[Entries taken from a collection]
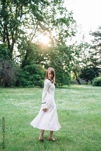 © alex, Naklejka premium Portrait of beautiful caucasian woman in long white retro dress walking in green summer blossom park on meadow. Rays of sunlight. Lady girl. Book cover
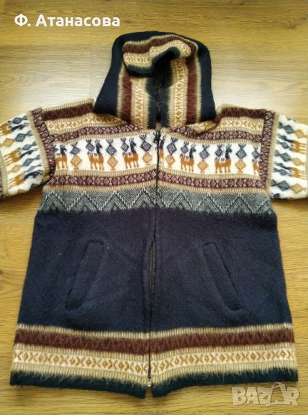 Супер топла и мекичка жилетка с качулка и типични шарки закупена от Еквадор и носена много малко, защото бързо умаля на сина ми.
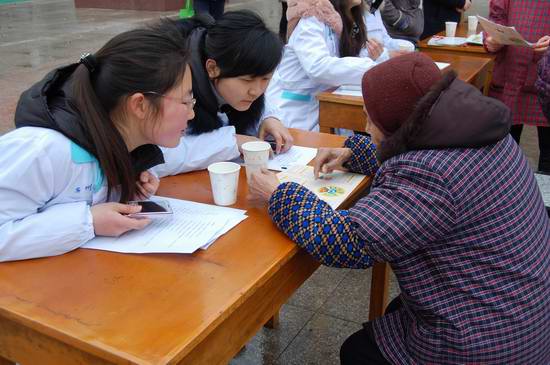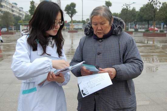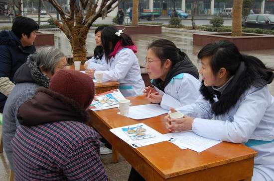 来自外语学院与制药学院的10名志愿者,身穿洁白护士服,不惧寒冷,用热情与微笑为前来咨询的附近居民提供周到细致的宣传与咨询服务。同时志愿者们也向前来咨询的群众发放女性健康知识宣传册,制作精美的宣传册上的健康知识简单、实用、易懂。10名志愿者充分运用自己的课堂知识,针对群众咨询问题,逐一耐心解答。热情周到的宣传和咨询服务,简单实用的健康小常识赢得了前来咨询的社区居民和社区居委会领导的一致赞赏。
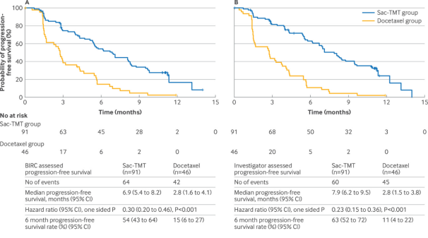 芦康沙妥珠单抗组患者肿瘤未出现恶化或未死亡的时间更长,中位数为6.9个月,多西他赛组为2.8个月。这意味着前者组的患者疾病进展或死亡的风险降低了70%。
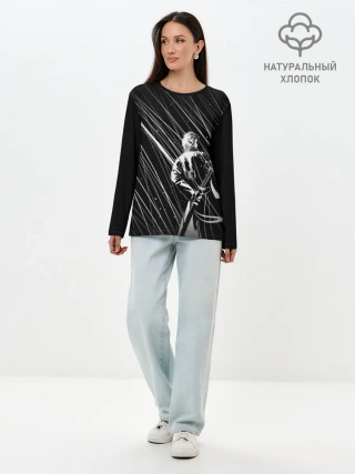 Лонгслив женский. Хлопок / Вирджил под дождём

_WORK REQUEST_
Pictures aside, restate the entries word for word.

_OUTPUT_
 © alex, Naklejka premium Portrait of beautiful caucasian woman in long white retro dress walking in green summer blossom park on meadow. Rays of sunlight. Lady girl. Book cover
 Супер топла и мекичка жилетка с качулка и типични шарки закупена от Еквадор и носена много малко, защото бързо умаля на сина ми.
 来自外语学院与制药学院的10名志愿者,身穿洁白护士服,不惧寒冷,用热情与微笑为前来咨询的附近居民提供周到细致的宣传与咨询服务。同时志愿者们也向前来咨询的群众发放女性健康知识宣传册,制作精美的宣传册上的健康知识简单、实用、易懂。10名志愿者充分运用自己的课堂知识,针对群众咨询问题,逐一耐心解答。热情周到的宣传和咨询服务,简单实用的健康小常识赢得了前来咨询的社区居民和社区居委会领导的一致赞赏。
 芦康沙妥珠单抗组患者肿瘤未出现恶化或未死亡的时间更长,中位数为6.9个月,多西他赛组为2.8个月。这意味着前者组的患者疾病进展或死亡的风险降低了70%。
 Лонгслив женский. Хлопок / Вирджил под дождём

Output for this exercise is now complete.